A correlation heatmap — bivariate analysis at a glance

import seaborn as sns
import matplotlib.pyplot as plt

corr = df[['experience', 'salary']].corr()
sns.heatmap(corr, annot=True, cmap='coolwarm')
plt.title('Correlation heatmap')
plt.show()

Note: Output: (A 2×2 grid of coloured squares. The experience–salary squares are warm/red with the number 0.86 printed on them; the diagonal shows 1.0.) annot=True printed the numbers; the warm colour and 0.86 say experience and salary rise together strongly. On a wide table with 20 columns, this single picture shows every pair’s relationship at once — which is why heatmaps are the signature EDA chart.

EDA step	Question	Tools
Overview	How big? What types? Any gaps?	`shape`, `info`
Summary	What are typical values?	`describe()`
Univariate	How is one column spread?	histogram, `value_counts()`
Bivariate	Do two columns relate?	scatter, `corr()`, heatmap

Tip: EDA is detective work, not report-writing. Print, chart, and ask “does that look right?” at every step. The questions you raise here (outliers? a strong correlation?) become the things you clean, test and model next.

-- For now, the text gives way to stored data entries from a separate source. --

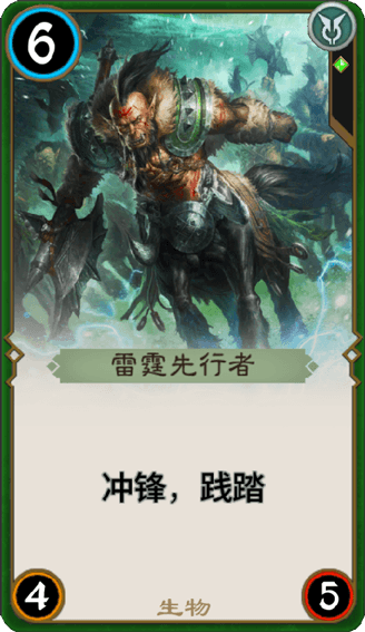 雷霆先行者是半人馬種族中速度極快的一支隊伍,他們的任務就是毫不猶豫地沖向前方,不顧任何等待他們的挑戰(zhàn),只需向前進發(fā)。它是《秘境對決》中的一張綠色生物卡。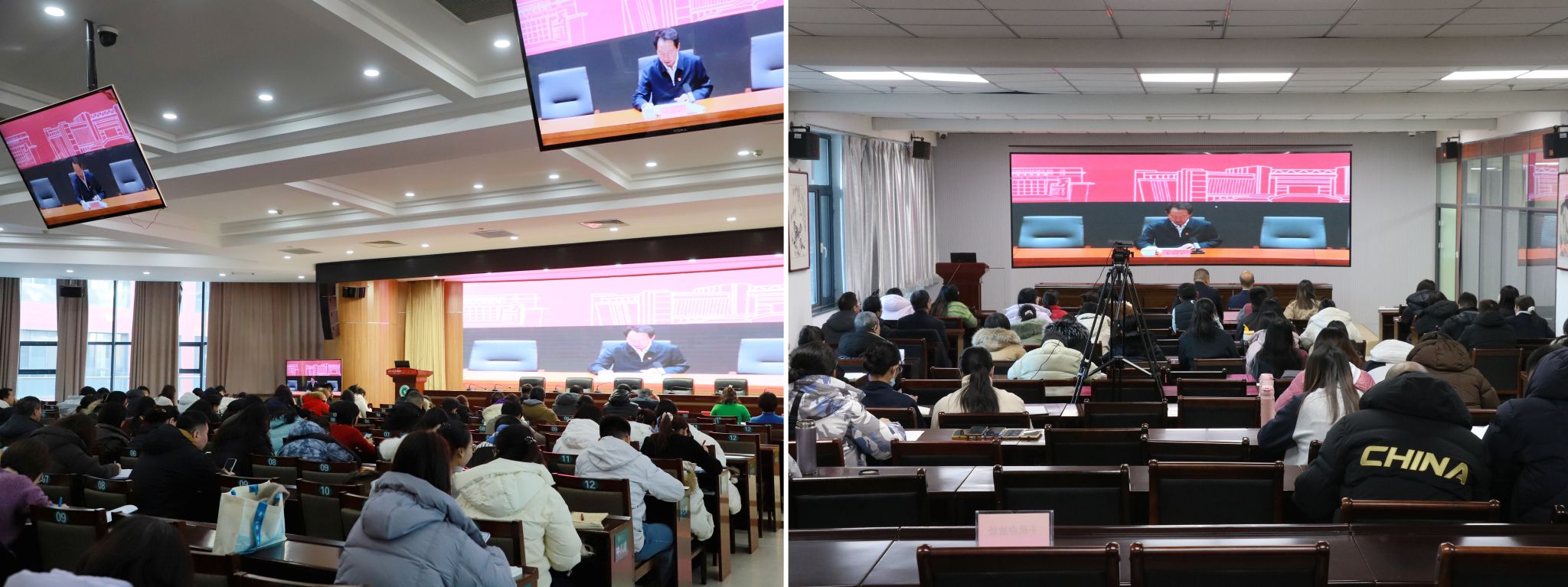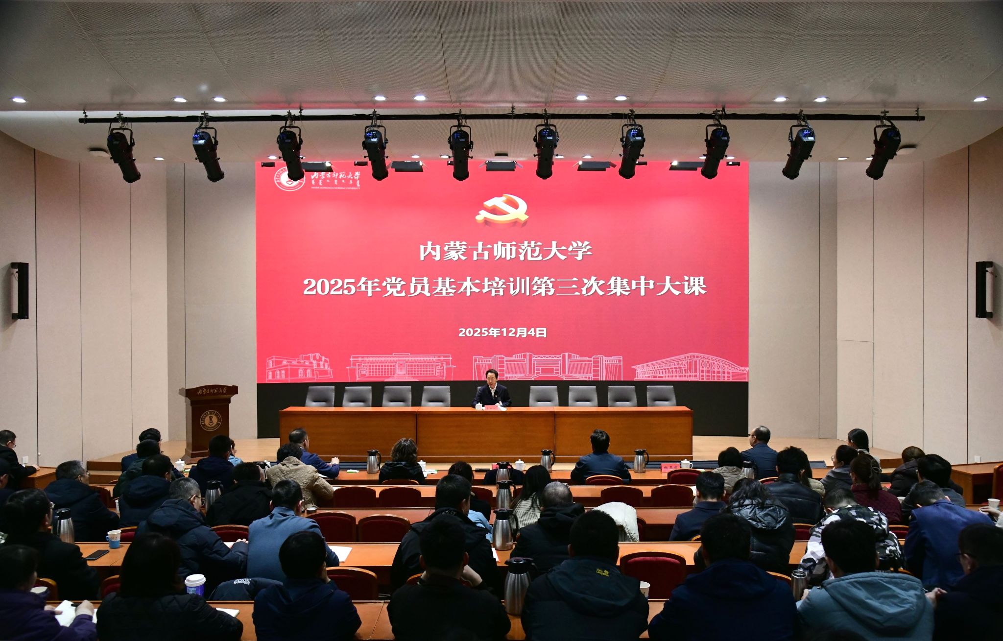 本网讯 12月4日下午,2026世界杯官网在赛罕校区学术交流中心报告厅组织开展2025年党员基本培训第三次集中大课。5000余名党员在两校区51个会场集体观看学习中央党校(国家行政学院)分管日常工作的副校长(副院长)谢春涛主讲的“中国共产党与中华民族伟大复兴”专题辅导报告。校党委书记李树林作动员讲话。自治区党委教育工委组织部有关同志列席会议。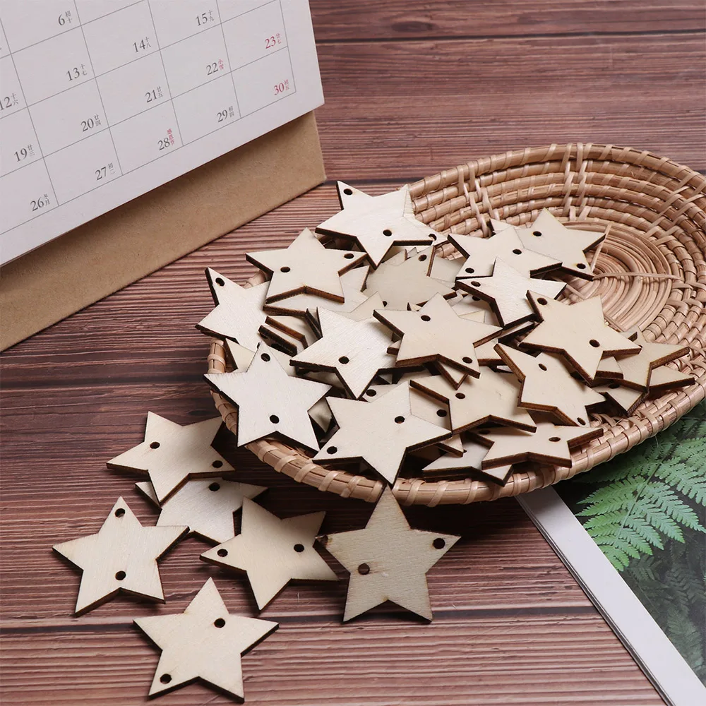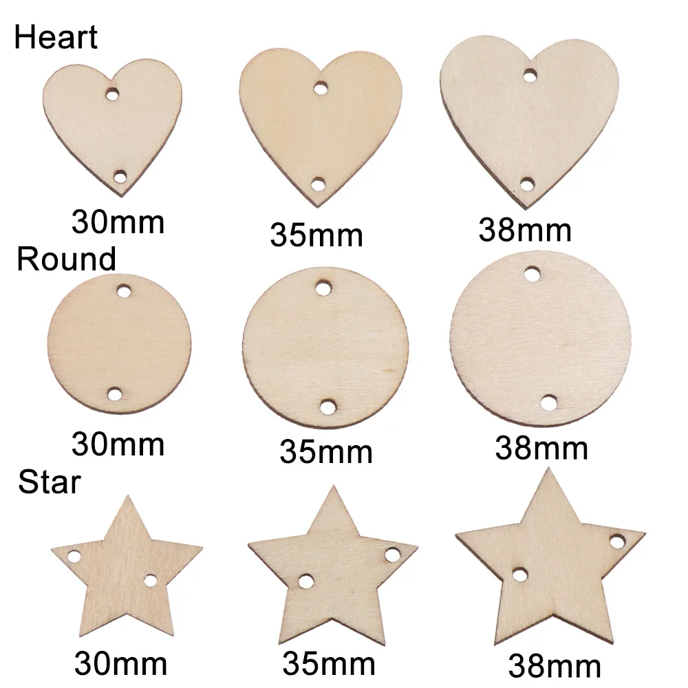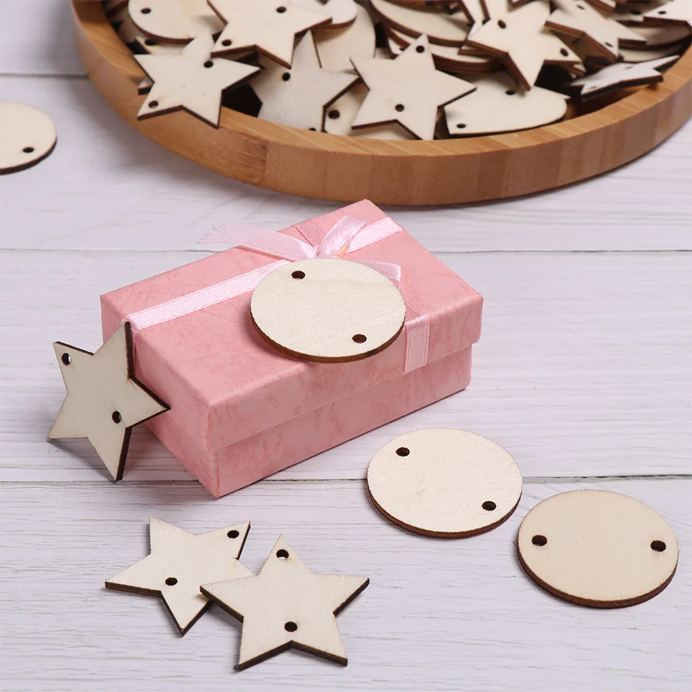 Лидер продаж, 50 шт. необработанных пустых звездочек/сердечек/круглых деревянных подвесных ярлыков, Знак логотипа для скрапбукинга, вечерние поделки, Декор для дома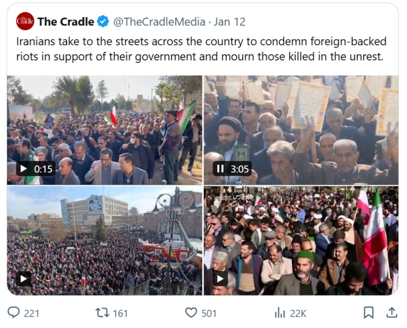 Les rassemblements massifs en faveur du gouvernement démontrent une légitimité assez forte, une base électorale organisée et une ampleur sans précédent, mais les médias occidentaux les ignorent largement. Citons par exemple les rassemblements en faveur de la République islamique exprimant l'indignation face aux meurtres de membres de familles et de fonctionnaires tués par des émeutiers et des gangs ; ces foules ont largement dépassé en nombre l'opposition, avec une énergie, un dynamisme et une détermination bien plus grands.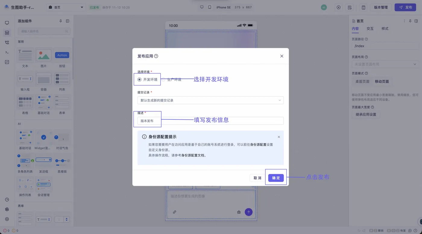 测试无误后,点击发布按钮,即可将应用发布到开发环境。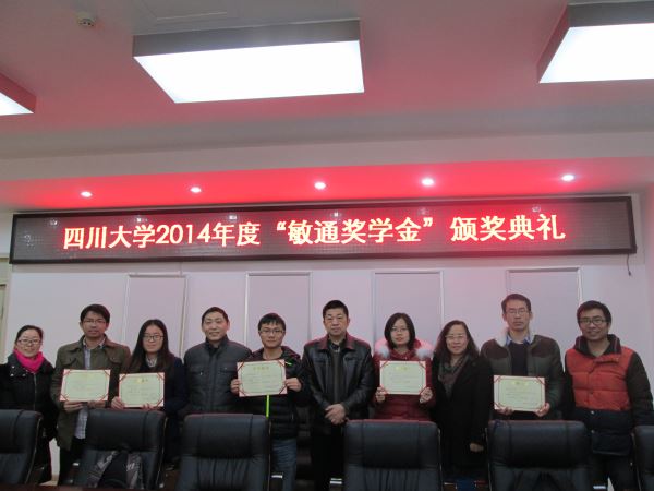 2014年12月19日上午,2014年度“敏通”奖学金颁奖典礼在望江校区基础教学楼A座303隆重举行。电子信息公司党委蒋斌书记,副经理冯国英教授,党委陈笃海副书记,研究生辅导员何惠老师、李军华老师及获奖同学出席了本次颁奖典礼。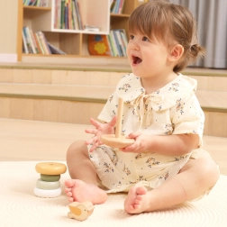 A karikák méret szerinti egymásra rakása erősíti a finommotorikát, a kéz–szem koordinációt és a logikus gondolkodást. A gyerekek játékosan tanulják meg a színek és méretek megkülönböztetését.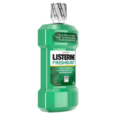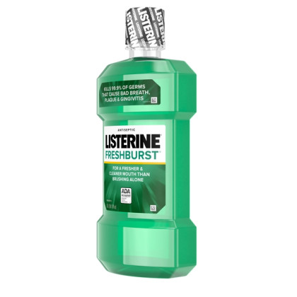 About This Item We aim to show you accurate product information. Manufacturers, suppliers and others provide what you see here, and we have not verified it. See our disclaimer Protect your mouth from germs and get fresh breath with Listerine Freshburst Antiseptic Mouthwash. It kills 99.9% of germs that cause bad breath, plaque, and gingivitis for a fresher and cleaner mouth than brushing alone. Clinically shown to reduce 52 percent more plaque and 21 percent more gingivitis than brushing and flossing alone, this antiseptic mouthwash provides a deep clean that cares for your whole mouth. Listerine Freshburst Mouthwash is a recipient of the ADA Seal of Acceptance for fighting plaque and gingivitis. The great-tasting Freshburst spearmint flavor of this antiseptic mouthwash leaves your mouth feeling clean and fresh. With approximately 25 days in this 1-L bottle, achieve maximum results by rinsing with this refreshing mouthwash for 30 seconds twice a day, both morning and night, for 24-hour germ protection. 1-l of Listerine Freshburst Antiseptic Mouthwash for bad breath, plaque & gingivitis Oral care formula kills 99.9% of germs that cause bad breath, plaque and gingivitis The spearmint flavor of this antiseptic mouthwash leaves your mouth feeling clean and refreshed With approximately 25 days, this 1-l bottle provides continuous, effective oral care Antiseptic mouthwash with refreshing spearmint flavor offers 24-hour protection against germs* Clinically shown to reduce more plaque and gingivitis than brushing and flossing alone Germ-killing mouthwash from the #1 dentist recommended brand of over the counter mouthwashes Rinse with mouthwash for 30 seconds twice a day to achieve maximum results and for fresh breath *With twice daily use.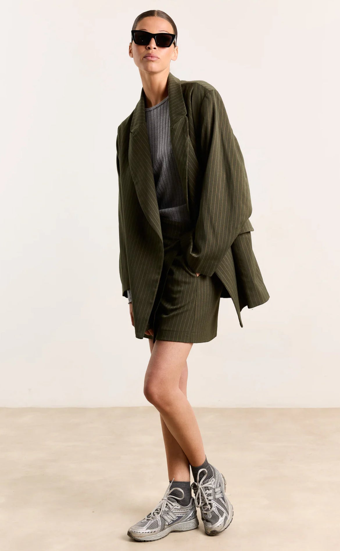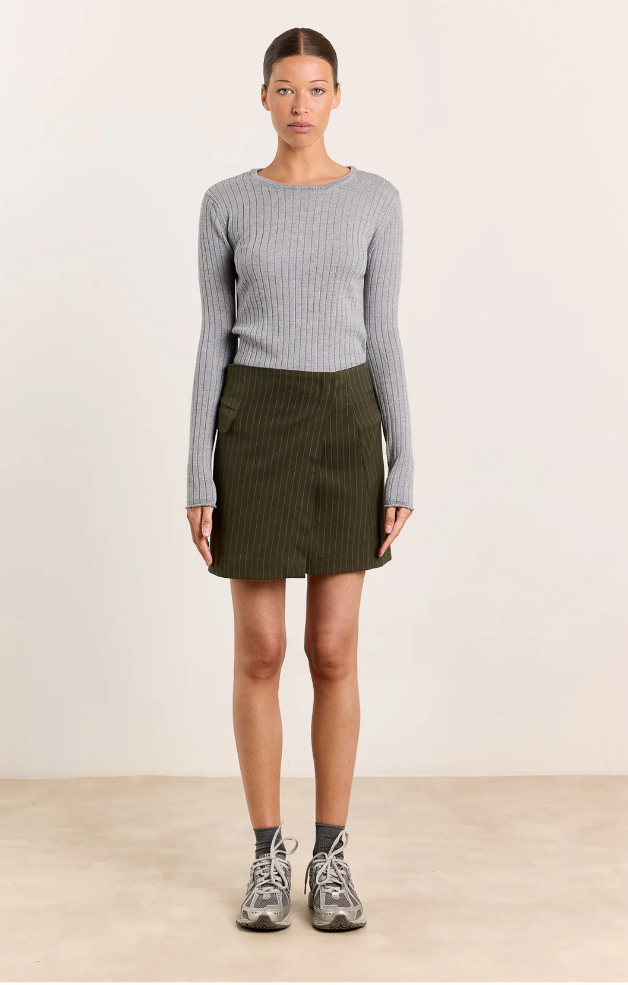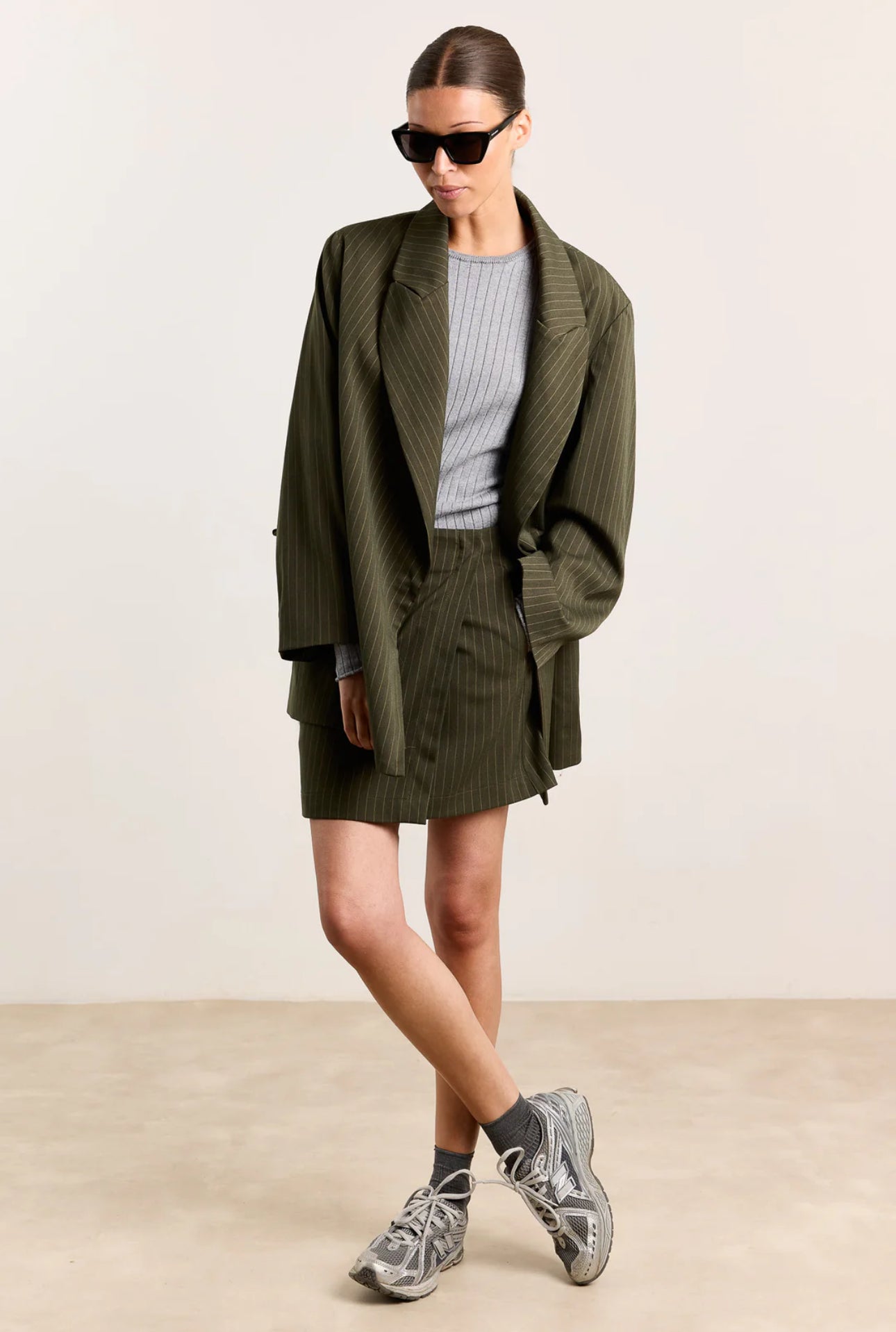Crafted in a rich suiting fabric with a subtle pinstripe, this mini skirt plays with proportion through a clean A-line silhouette and a single, sharp flap pocket detail. Designed with clean lines and presence, perfect from meeting rooms to late dinners.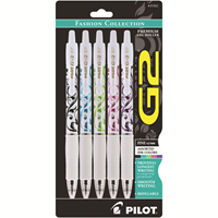 | Pilot G2 Retractable Fashion Gel Ink Pen .7 Fine 5pk Price: $10.955 count. Fine 0.7mm. G2 Retractable Fashion Collection Gel Ink Pen. Pens have white barrels with color designs in Black, Turquoise, Green, Pink and Purple. Colors on barrels match ink color.School Supplies: See more » | |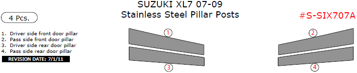 Suzuki XL-7 2007, 2008, 2009, Stainless Steel Pillar Posts, 4 Pcs.

Watch out: Do not skip straight to a model because the data “looks fine”. The 130k salary above would silently pull up averages and confuse a model. EDA catches problems like outliers and skew before they poison everything downstream.

Q. You make a scatter plot of two numeric columns to see if they move together. What kind of analysis is this?

Answer: Looking at two variables together (here, with a scatter plot) is bivariate analysis. Studying one column on its own would be univariate.

✍️ Practice

On any dataset, run describe() and write one sentence about the spread of each numeric column.
Draw a histogram of one column (univariate) and a correlation heatmap of all numeric columns (bivariate), and note one thing each reveals.

🏠 Homework

Take a real CSV and write a short EDA report: shape and types, a describe() summary, one histogram, and a correlation heatmap. End with two questions the exploration raised.